I burn Galileo's depiction of Jupiter onto a CD—a procedure necessary because the file is so large—and take it to a place full of shiny new machines busy printing, with the methodical longitudinal whir of high-speed ink jets, big photo-quality images, mostly for advertising. The guy flicking switches there is so intrigued by this raging Jovian stormscape—not to mention my oddball reasons for wanting a poster-size copy of it—that he prints the picture out on a panel the size of a door and refuses to take money. Motoring back on Ljubljana's perilous ring road, I meditate on the fact that questions of authorship would tend to disqualify a space probe's pictures from serious consideration as works of art—even though its scientific discoveries are undeniable, and attributed. Yet those same questions are very much present in the rarefied art-world air these days. Even Ansel Adams was Ansel Adams only part of the time. Like most photographers, he shot a lot of pictures and then selected those few that today constitute the work we connect with his name. As for these deep-space images, they aren't really very different. It's just that they come from the confluence of an immense collective scientific and engineering effort and the stark, disturbing beauty of the cosmos itself. What's left is choice—curatorship.

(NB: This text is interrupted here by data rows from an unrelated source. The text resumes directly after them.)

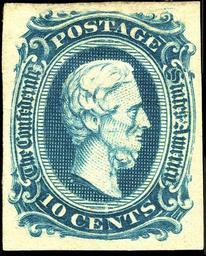 Keywords: Jefferson Davis 1863 10c.jpg en Confederate postage stamp Jefferson Davis 1863 issue 10c Type I<br/>This is the same engraving as the Frame Line issue but without the frame lines There were approximately 23 800 000 stamps printed from two plates each with two panes of one hundred CSA Post Office<br/>http //arago si edu/index asp con 1 cmd 1 mode tid 2027913 Smithsonian National Postal Museum<br/>Photo image obtained/rendered by Gwillhickers CSA Post Office 1863 PD-old-100 Stamps of the Confederate States of America Jefferson Davis on stamps Stamps of the American Civil War |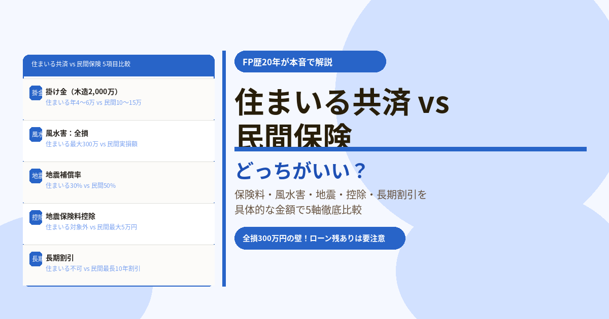 この記事では、保険相談2万時間のしんりゅうが住まいる共済と民間火災保険を5つの軸で具体的な数字を使って比較します。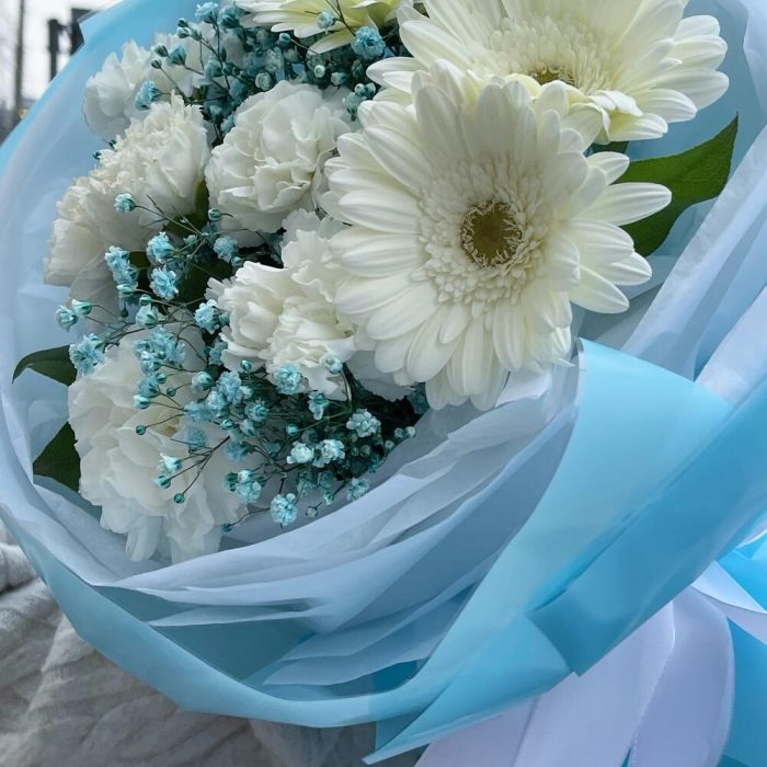 Голубой воздушный букет с герберами и диантусом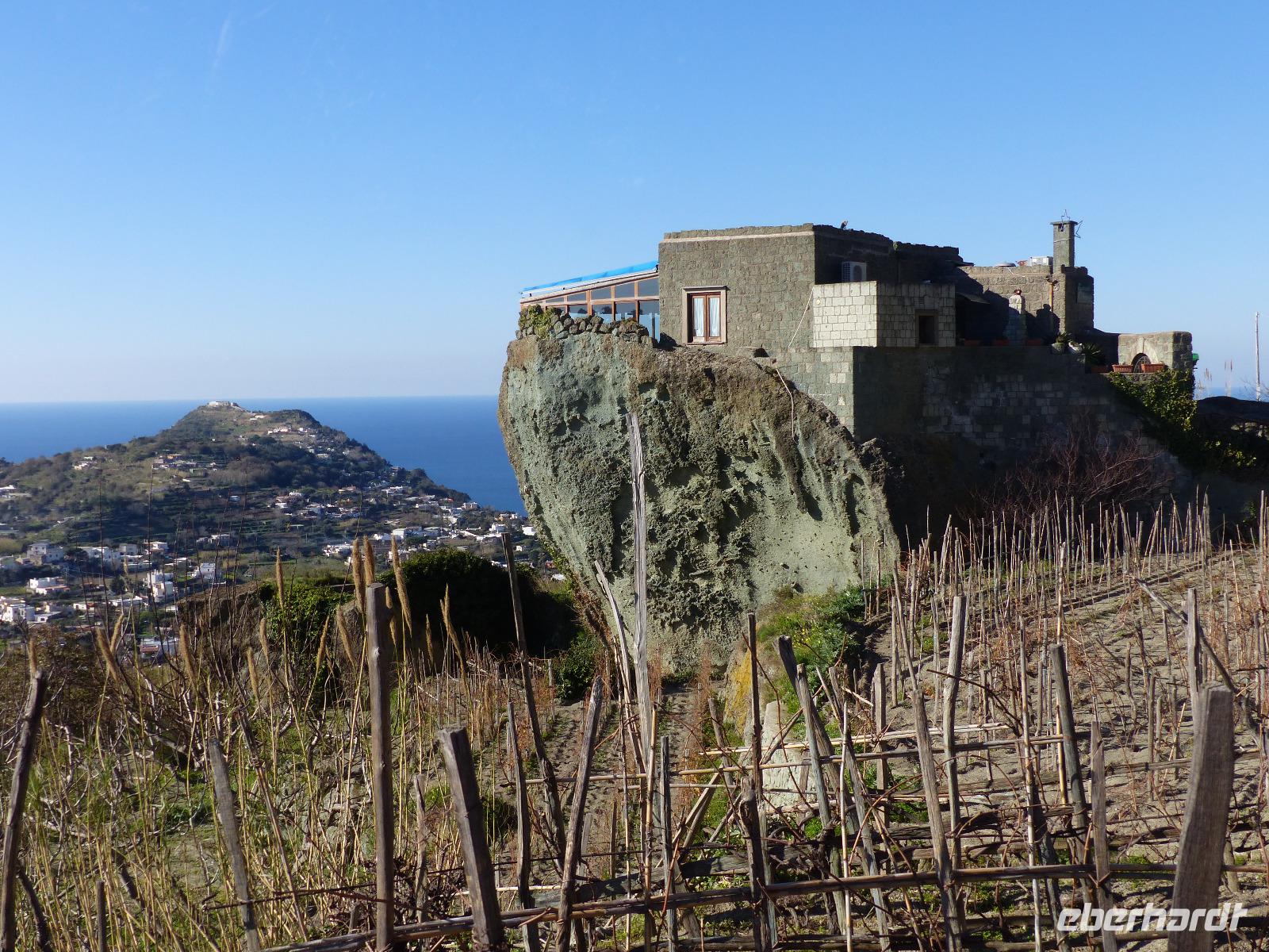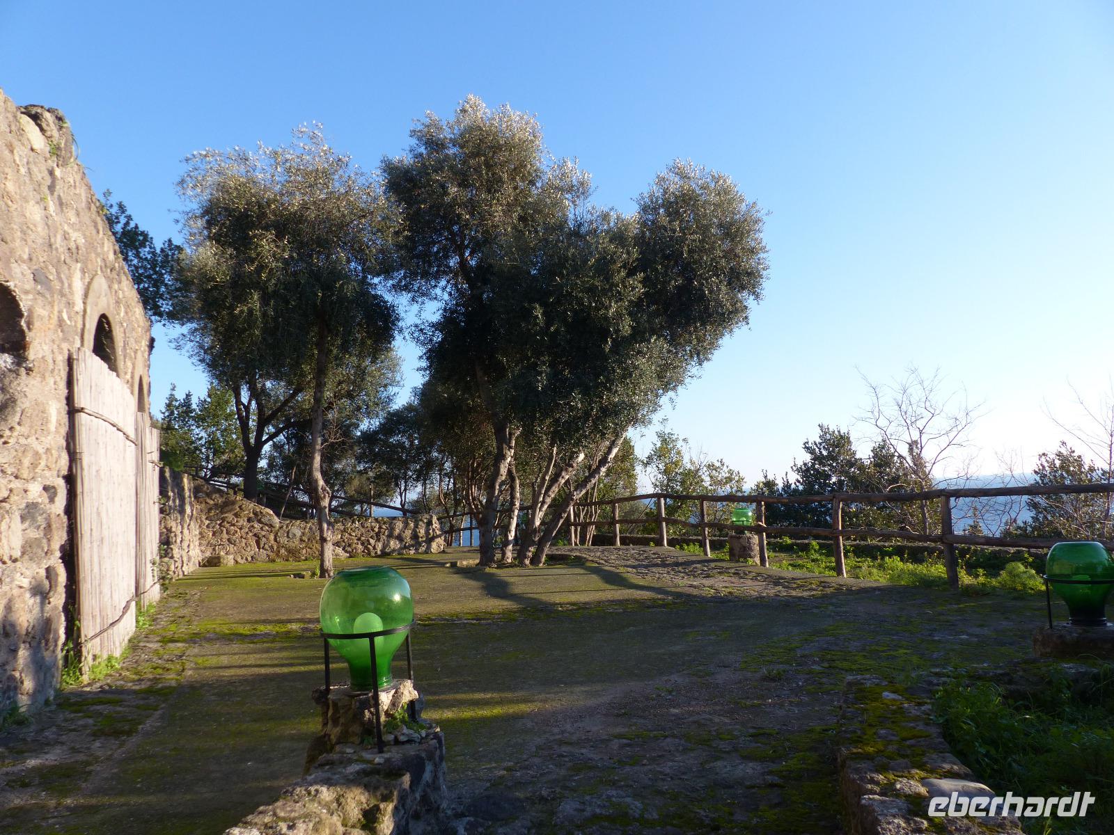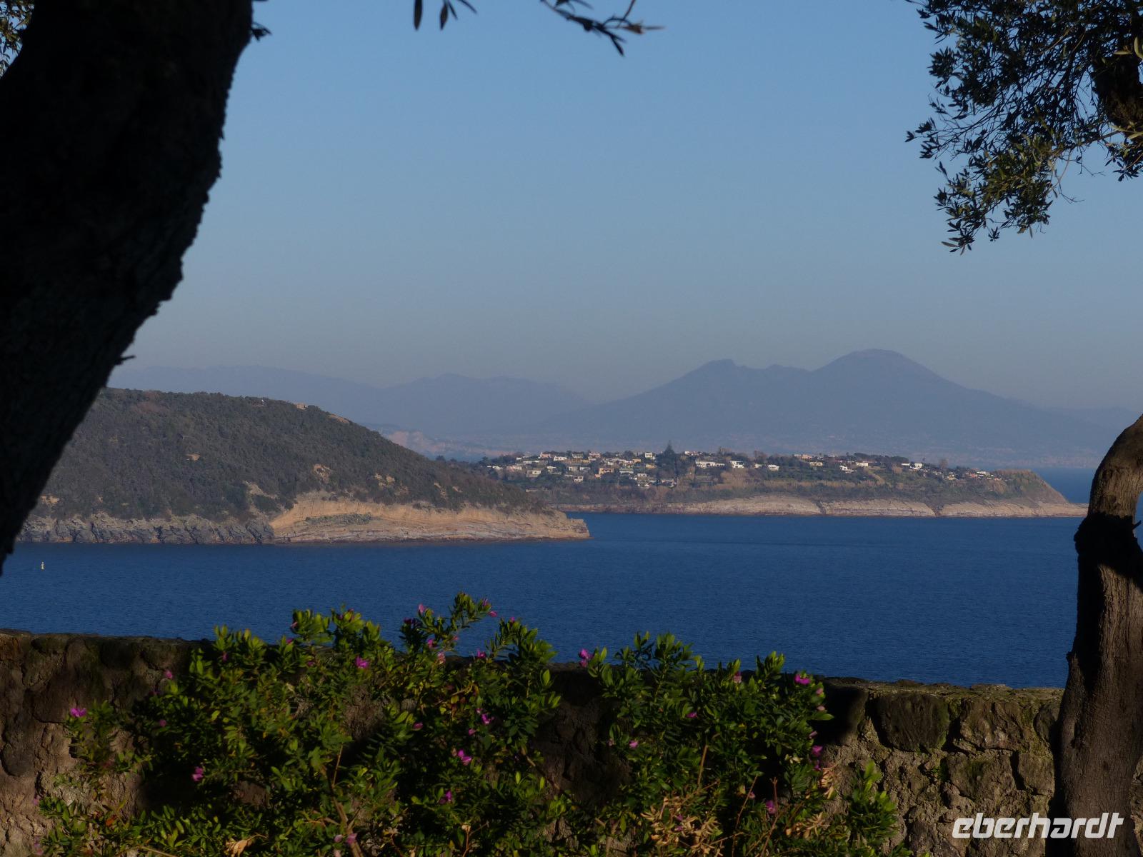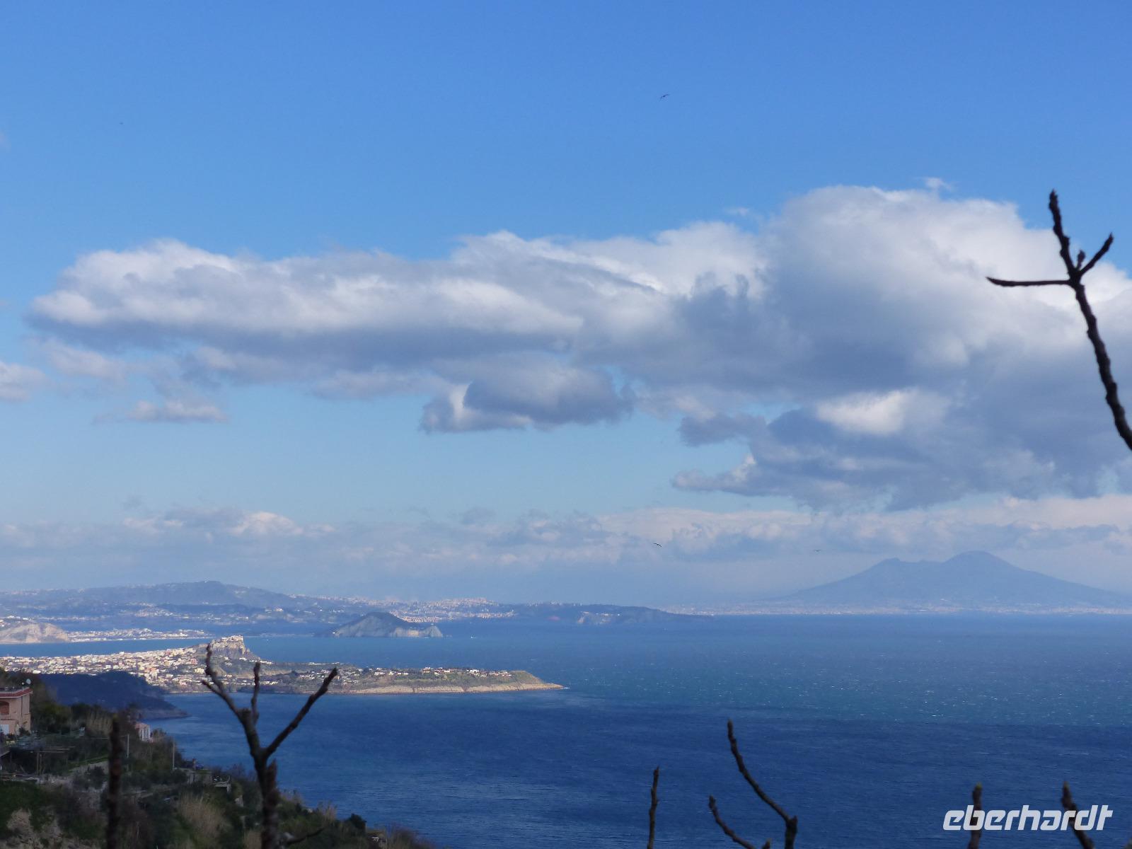 Rund die Hälfte der Gruppe nahm heute an der fakultativen Wanderung mit Biagio teil. Die andere Hälfte der Gruppe genoss diesen Tag beim Einkaufsbummel und in Cafés, je nach persönlichen Wünschen. Morgens starteten wir bei leicht bewölktem Himmel in Vatoliere. Nach einem kleinen Kaffee zogen wir los über einen Pfad, der uns durch Felder und an Häusern vorüber zur Kirche Montevergine führte. Ein kleines Rotkehlchen lud zum Fototermin ein, denn es hüpfte recht zahm auf dem Zaun vor der Kirche entlang. Dann folgte ein etwas mühevollerer Aufstieg, den aber alle Gäste mit Bravour hinter sich brachten und danach tat sich eine herrliche Aussicht auf die Steilküste auf. Weiter ging's, an Schilf und Weinbergen vorüber. Überall blühte der Sauerklee in leuchtendem Hellgelb. Wir passierten die Ruinensiedlung Piano Liguori und erreichten schließlich eine kleine Trattoria mitten in den Weinbergen, die eine wunderschöne Aussichtsterrasse hatte. Unser Blick fiel auf Capri und auf die Küste bei Sorrent. Hier wurden uns Bruschette und ein leckerer Salat aufgetischt, bevor wir weiter nach Campagnano wanderten. Wieder eine tolle Aussicht: vor uns lag im Meer das Castello Aragonese und auch Procida konnten wir gut sehen. Am Horizont ragten die Vulkane der Campi Flegrei und der Vesuv in den Himmel. Biagio führte uns dann noch in eine Höhle. Dort lagerte Wein. Der Besitzer ließ uns diesen verkosten und auch den selbst gemachten Limoncello bot er uns an. Wer sich versorgen wollte konnte dies. Zum Kauf hatte der Weinbauer in leeren Coca-Cola-Flaschen den leckeren Limoncello gut verpackt. Danach brachte uns der Bus wieder zum Hotel zurück.

And I would argue that these pictures qualify as art for another reason: their mysterious, Leonardo-esque smile. Who can fathom the mind-blowing idea that, just possibly, some rich, strange form of life may be swimming around under the frozen crust of Europa—a sphere itself in orbit around wrathful Jupiter? And what other way currently exists to leave Earth and look back at that glistening blue-white marble suspended in darkness, a diminishing place, a mote finally winking down to microscopic size and being replaced by a larger system of turning worlds? In this cosmic tracking shot it's not only space and time that are spanned but also the sum total of our homegrown sciences, philosophies, and arts, revealing, ultimately, a shower of sparks—the universe.

The jagged geometry of supersmooth Europa; the idiosyncratic surfaces of the other orbs floating serenely in space; the pristine interstellar vacuum; the inscrutable emptiness of intergalactic space, that immense, echoing, absolutely featureless void enveloping the spinning galaxies: it all serves as a perfect philosophical mirror image, reflecting back the quandary of the species, the limitations of human knowledge. The frail architecture defined by our distant tools, which places the human race at the center of "what's known," is actually our own map of ourselves—a chart that we'll hand down to successive generations, who may one day see a charming primitivism, or even an intriguing prescience, in our view of all that.

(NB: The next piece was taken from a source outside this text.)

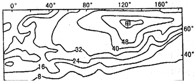 【小题1】图示气温年较差等值线的分布:由南向北递增,由沿海向内陆递增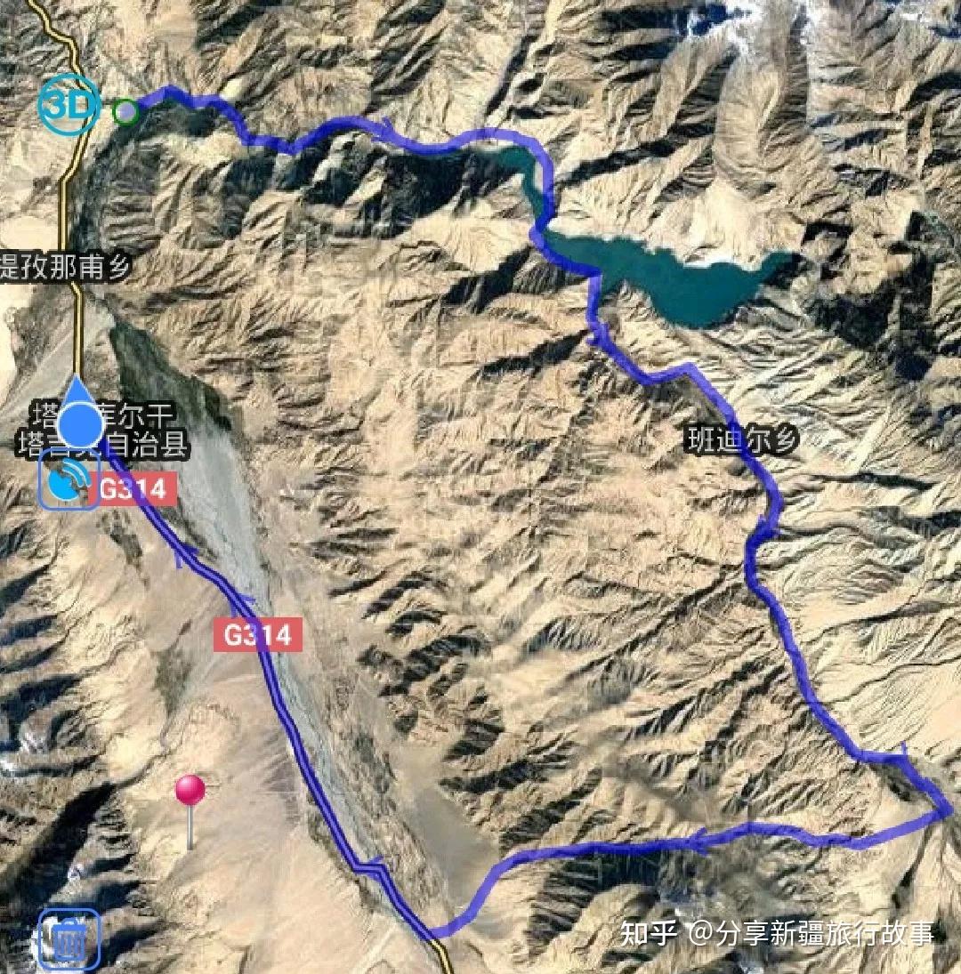 3、走盘龙古道下到山脚,右转就是瓦恰乡,左转就是大路,回程可以选择走大路。沿途会经过坎儿洋村、下坂地水库等。到下坂地水库左转回塔县,喀什,右转就是塔莎古道到莎车县。

I park the car, tread through snowdrifts, and climb the complaining stairs. Galileo's rendition of Jupiter hangs above my desk in a beam of winter sunlight so feeble that it might be coming from some more distant star. Is this science, religion, or art? Or some kind of recombinant, millennial all-of-the-above? Maybe Leonardo's Madonna, poised superbly in front of the eroding topography of our particular sphere, is smiling because she knows the answers to those questions. Finally, though, what she might say is irrelevant. Because that ambiguity continues in the infinite landscapes beyond—up the staircase of an incomplete Adoration.